▶ _Task_: Give each entry back by retyping it exactly as written.

▶ _The records_:
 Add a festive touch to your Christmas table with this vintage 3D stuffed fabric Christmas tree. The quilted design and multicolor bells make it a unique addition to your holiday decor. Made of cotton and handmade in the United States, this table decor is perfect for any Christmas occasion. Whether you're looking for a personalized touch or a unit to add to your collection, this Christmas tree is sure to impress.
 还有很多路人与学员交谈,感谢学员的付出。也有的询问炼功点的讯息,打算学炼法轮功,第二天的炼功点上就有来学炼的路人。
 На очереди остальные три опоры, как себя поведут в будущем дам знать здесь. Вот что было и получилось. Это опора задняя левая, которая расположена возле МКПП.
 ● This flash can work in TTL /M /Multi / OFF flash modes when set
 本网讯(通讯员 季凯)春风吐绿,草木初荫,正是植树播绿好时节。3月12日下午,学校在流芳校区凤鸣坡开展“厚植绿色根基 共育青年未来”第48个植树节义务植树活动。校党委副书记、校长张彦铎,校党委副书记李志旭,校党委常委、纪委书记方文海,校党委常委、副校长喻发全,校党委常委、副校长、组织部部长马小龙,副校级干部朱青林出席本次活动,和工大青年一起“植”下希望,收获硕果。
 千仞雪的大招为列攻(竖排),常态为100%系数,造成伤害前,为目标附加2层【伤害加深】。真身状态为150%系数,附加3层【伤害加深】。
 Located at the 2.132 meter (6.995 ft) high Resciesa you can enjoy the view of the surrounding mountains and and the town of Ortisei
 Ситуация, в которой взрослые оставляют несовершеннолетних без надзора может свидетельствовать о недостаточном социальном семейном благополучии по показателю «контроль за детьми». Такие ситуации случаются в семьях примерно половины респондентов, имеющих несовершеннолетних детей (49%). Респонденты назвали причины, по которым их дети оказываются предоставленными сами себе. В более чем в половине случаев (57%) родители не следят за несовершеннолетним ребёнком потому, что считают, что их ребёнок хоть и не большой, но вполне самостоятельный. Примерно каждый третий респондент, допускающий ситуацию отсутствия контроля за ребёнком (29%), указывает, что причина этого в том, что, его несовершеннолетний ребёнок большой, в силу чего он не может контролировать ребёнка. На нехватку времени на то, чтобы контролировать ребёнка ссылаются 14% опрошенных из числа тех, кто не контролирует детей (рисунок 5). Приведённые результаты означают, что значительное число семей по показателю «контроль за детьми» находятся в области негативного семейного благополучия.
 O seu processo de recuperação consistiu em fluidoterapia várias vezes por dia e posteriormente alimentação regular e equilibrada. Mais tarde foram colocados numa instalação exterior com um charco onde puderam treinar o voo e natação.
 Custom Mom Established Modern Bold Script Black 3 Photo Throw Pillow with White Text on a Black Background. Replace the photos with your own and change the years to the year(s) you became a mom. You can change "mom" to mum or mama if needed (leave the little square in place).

▶ _Result_:
 Add a festive touch to your Christmas table with this vintage 3D stuffed fabric Christmas tree. The quilted design and multicolor bells make it a unique addition to your holiday decor. Made of cotton and handmade in the United States, this table decor is perfect for any Christmas occasion. Whether you're looking for a personalized touch or a unit to add to your collection, this Christmas tree is sure to impress.
 还有很多路人与学员交谈,感谢学员的付出。也有的询问炼功点的讯息,打算学炼法轮功,第二天的炼功点上就有来学炼的路人。
 На очереди остальные три опоры, как себя поведут в будущем дам знать здесь. Вот что было и получилось. Это опора задняя левая, которая расположена возле МКПП.
 ● This flash can work in TTL /M /Multi / OFF flash modes when set
 本网讯(通讯员 季凯)春风吐绿,草木初荫,正是植树播绿好时节。3月12日下午,学校在流芳校区凤鸣坡开展“厚植绿色根基 共育青年未来”第48个植树节义务植树活动。校党委副书记、校长张彦铎,校党委副书记李志旭,校党委常委、纪委书记方文海,校党委常委、副校长喻发全,校党委常委、副校长、组织部部长马小龙,副校级干部朱青林出席本次活动,和工大青年一起“植”下希望,收获硕果。
 千仞雪的大招为列攻(竖排),常态为100%系数,造成伤害前,为目标附加2层【伤害加深】。真身状态为150%系数,附加3层【伤害加深】。
 Located at the 2.132 meter (6.995 ft) high Resciesa you can enjoy the view of the surrounding mountains and and the town of Ortisei
 Ситуация, в которой взрослые оставляют несовершеннолетних без надзора может свидетельствовать о недостаточном социальном семейном благополучии по показателю «контроль за детьми». Такие ситуации случаются в семьях примерно половины респондентов, имеющих несовершеннолетних детей (49%). Респонденты назвали причины, по которым их дети оказываются предоставленными сами себе. В более чем в половине случаев (57%) родители не следят за несовершеннолетним ребёнком потому, что считают, что их ребёнок хоть и не большой, но вполне самостоятельный. Примерно каждый третий респондент, допускающий ситуацию отсутствия контроля за ребёнком (29%), указывает, что причина этого в том, что, его несовершеннолетний ребёнок большой, в силу чего он не может контролировать ребёнка. На нехватку времени на то, чтобы контролировать ребёнка ссылаются 14% опрошенных из числа тех, кто не контролирует детей (рисунок 5). Приведённые результаты означают, что значительное число семей по показателю «контроль за детьми» находятся в области негативного семейного благополучия.
 O seu processo de recuperação consistiu em fluidoterapia várias vezes por dia e posteriormente alimentação regular e equilibrada. Mais tarde foram colocados numa instalação exterior com um charco onde puderam treinar o voo e natação.
 Custom Mom Established Modern Bold Script Black 3 Photo Throw Pillow with White Text on a Black Background. Replace the photos with your own and change the years to the year(s) you became a mom. You can change "mom" to mum or mama if needed (leave the little square in place).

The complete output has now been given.